On 31.03.2004 14:38, Havoc Pennington wrote:
A possibly related discussion; we've been wondering if we can make the OS image read-only (mounting it that way, or via selinux).
Then have /tmp and probably /var in RAM (or wiped on boot), and have home directories and server/app data such as web pages to be served on network mounts.
This allows you to maintain the OS image in a central location and the homedirs and server/app data in central locations, and have a single network-wide master copy of all important state.
Any filesystem rearrangement probably impacts this plan (some rearrangement may be needed for this plan).

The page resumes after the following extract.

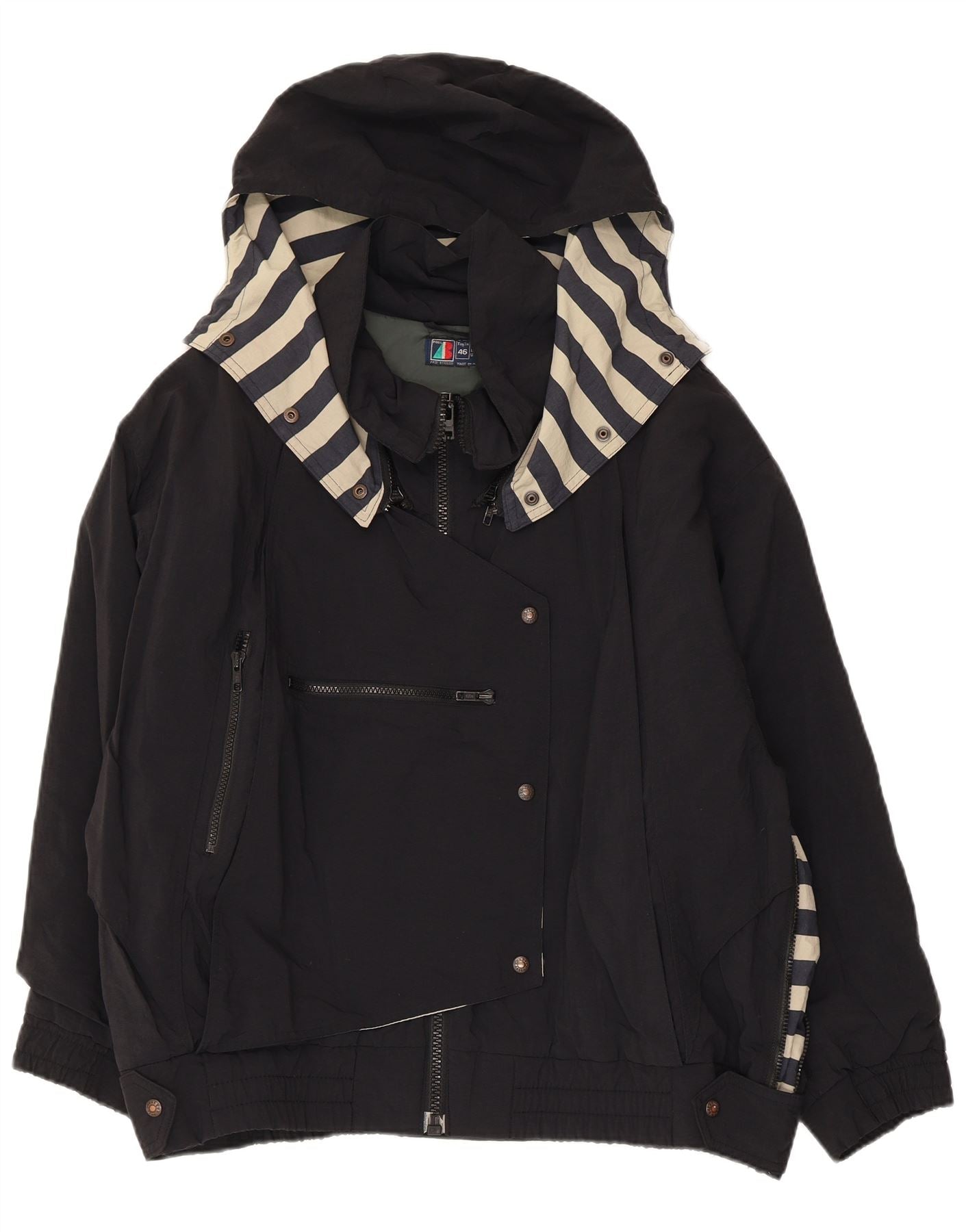 VINTAGE Womens Oversized Hooded Windbreaker Jacket IT 46 Large Black Nylon

We've been doing this with 7.x and 8.0 - a read-olny root-over-nfs partition, /tmp in RAM and read-write /var (each host mounts its own private copy from the server).
We had to do the following things: - /etc/mtab is a symlink to /proc/mounts - Most of /var/lib needs to be moved to the /usr and replaced with symlinks. Especially, /var/lib/rpm, /var/lib/menu, /var/lib/xkb, /var/lib/alternatives. /var/lib/slocate can stay (if you have local partitions and you want to have separate slocate dbs on clients), /var/lib/nfs needs to stay - For /var/log, you'd probably want to change the syslogd.conf to send all logs to the remote server collecting them, instead of logging locally.